Posted by: Jodi | 21 May 2004 at 10:58 PM
**Pg Ment**
I can so relate to you and Julie regarding sexual infrequency! My husband and I had been ttc since May of '99, 7 months before we were married. For the first, like, 2 months of unprotected sex (which I had not had in years... since being a slutty college student)it was fun! Wheeee! We're going to be parent soon, and I'll be a pregnant bride! Then months and months and years went by and I still wasn't pregnant. Anyway, the end result of my years of IF has been a definite lack of interest in sex.
Now that I am pg, I actually have an excuse not to have sex. But after the requisite number of weeks have past after the baby is born, I will be expected to start putting out again on a regular basis.
And here's the funny thing (that someone said, above): I actually enjoy the fuck out of sex once I'm doing it! I have orgasms every time and my husband is a wonderully sensitive and skilled lover. It's just the IDEA of having sex that repels me. And it IS like the pink elephant in the living room because we simply don't discuss it. It's too sad, too embarrassing. We're too afraid that such a discussion would lead to, I dunno, the realization that our seemingly good marriage is, in fact, a sham?

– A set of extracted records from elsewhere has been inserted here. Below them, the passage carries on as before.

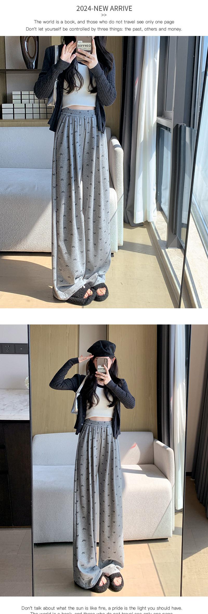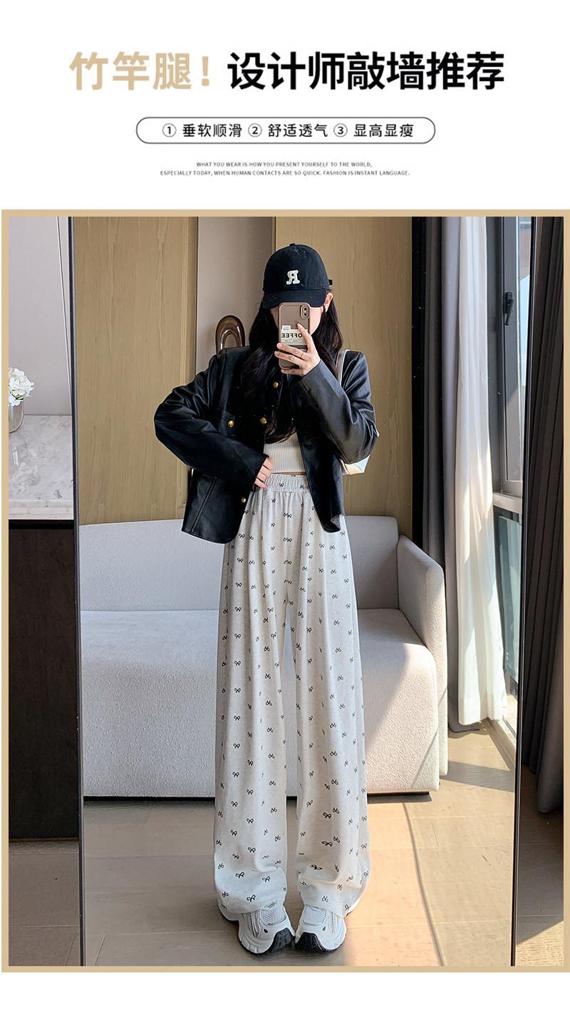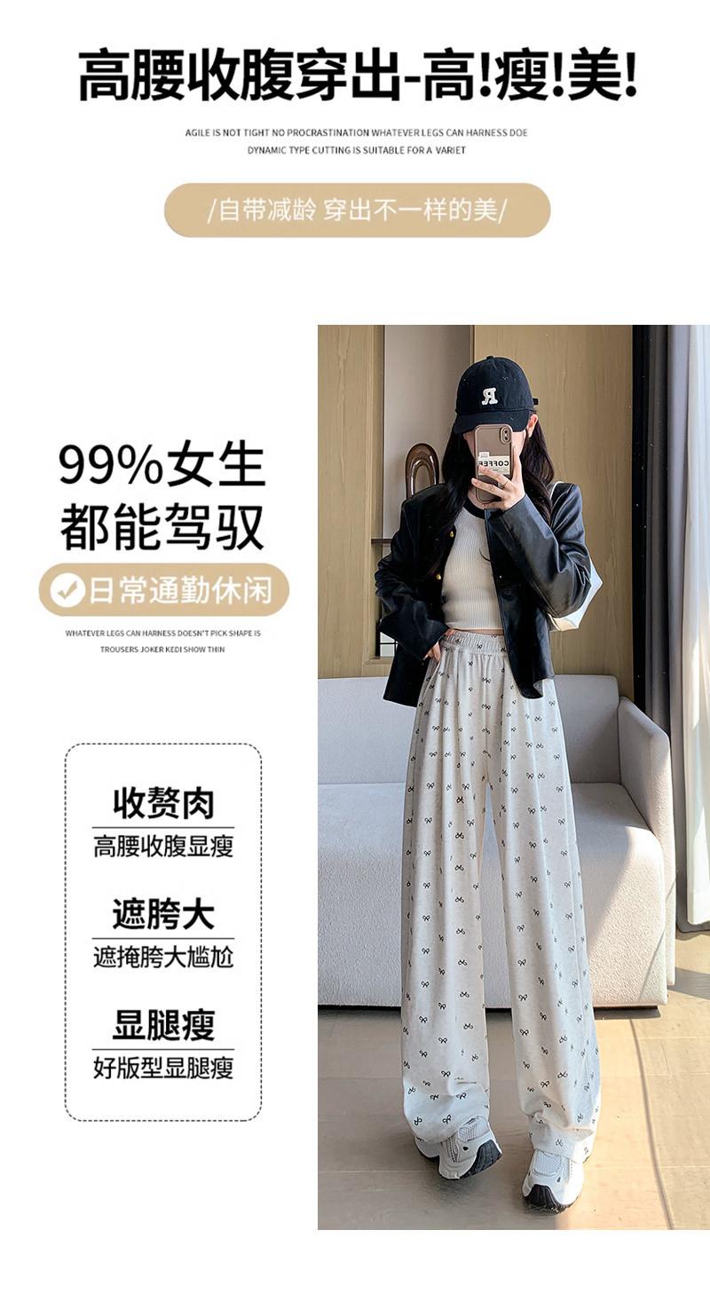Pantalones grises de pierna ancha con lazo para mujer Primavera y Otoño 2025 Nuevo Pantalones deportivos casuales sueltos con caída de cintura alta Pantalones deportivos de pierna recta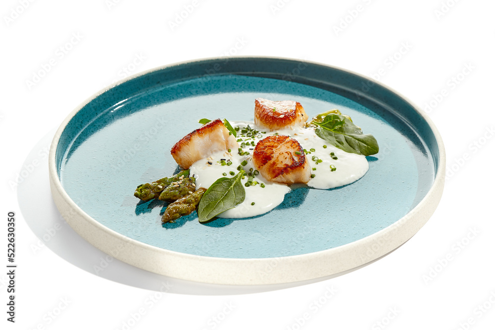Luxury dish - grilled scallops with asparagus and creamy espuma. Roasted scallop with cream sauce and asparagus on white background. Delicacy seafood in restaurant menu - sea scallop.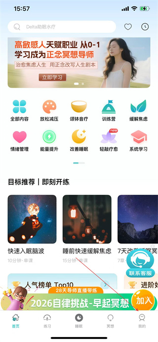 -练习页新增今日冥想进度环,定制练习目标,放松减压,助眠修心;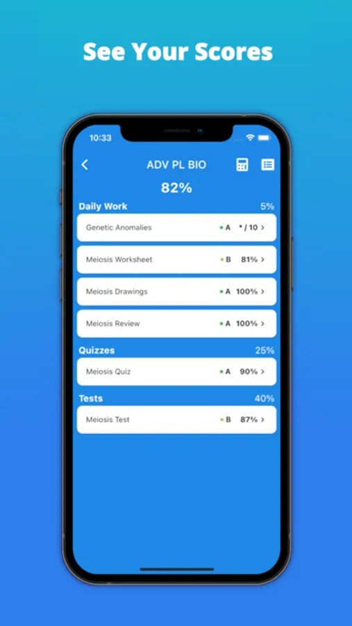 - Spot your scores. Track your progress and see grades seconds after they load on SIS.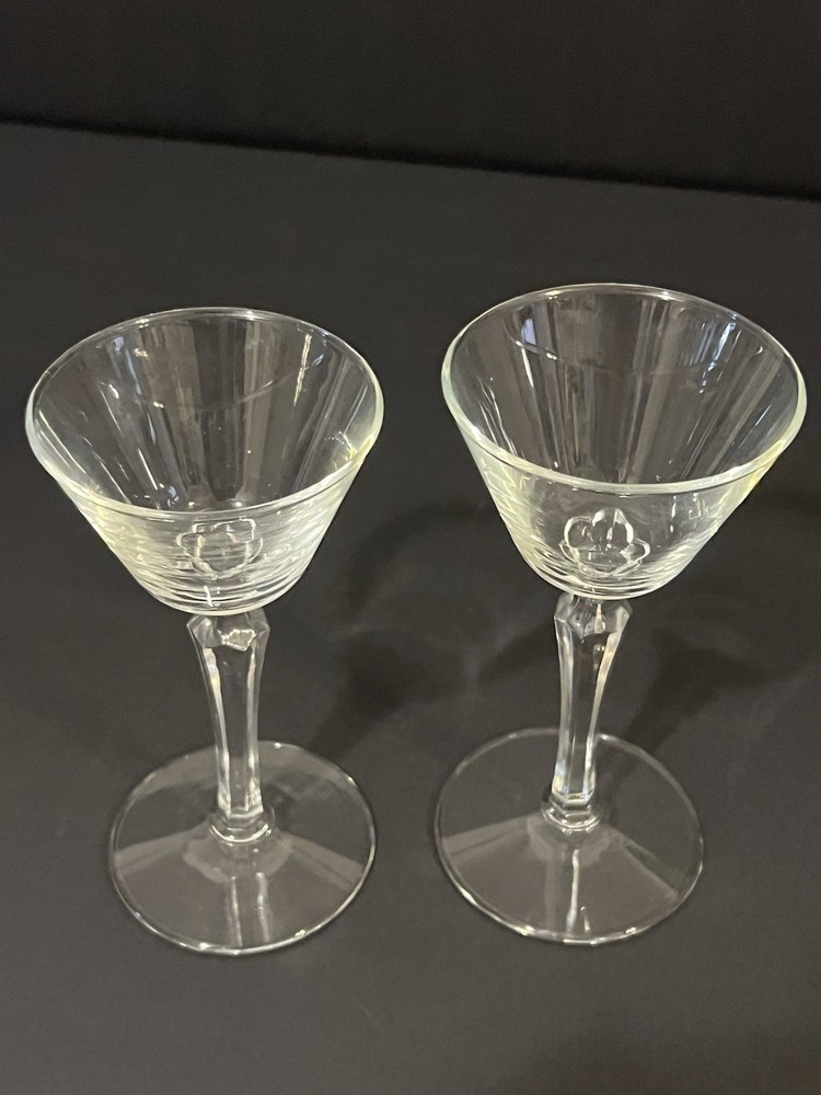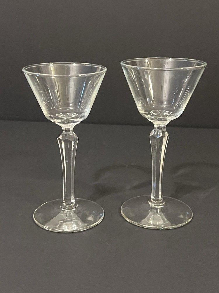 Elevate your home bar collection with the Libbey Cocktail Glass Set, a pair of exquisite geometric long stem glasses that combine modern design with classic elegance. Each glass holds up to 2 ounces of liquid, perfect for your favorite cocktails, and is crafted from durable, clear glass material that showcases your drink's color and texture beautifully. Ideal for anniversaries, parties, or simply to add a touch of sophistication to your everyday gatherings, this two-piece set is a timeless addition to your drinkware collection. The set boasts a vintage look, hailing from the 1960s, and fits seamlessly into a variety of decors. Whether you're mixing up a classic martini or serving up some homemade sangria, these glasses are sure to impress your guests.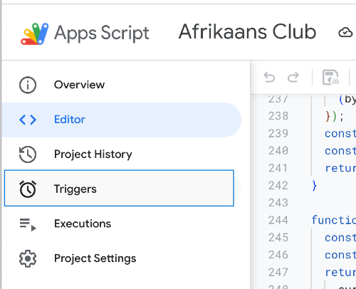 - Apps Script > Triggers (시계 아이콘) >

I just want to add that I hate hearing about the frequency of other womens' sex lives. Makes me feel damned inadequate, if it's more than once a week.
Great blog/post, Tertia!
Twizzle
Posted by: twizzle | 22 May 2004 at 03:28 AM
Great summary! This is just such an exciting stuff.
Posted by: jim | 03 April 2006 at 05:35 AM
im having a problem with my sex life also. i want it but he dosnt. im a 21yr old female, he is a 22yr old male. we have been married for 2 years and at first screwed like rabbits but now we barly have sex. we are not trying for a baby, so we use protection. but in the last 6 weeks we have only had sex 4 times, and of all those times it was initated by him. ive tried to tnitate it but he never responds. ive tried to talk to him, and he says he just dosnt feel like it. he says there is nothing i can do to turn him on. and i am a very attractive woman. what can i do?.... ps when we do have sex it is fablous... wonderful. but i need it more.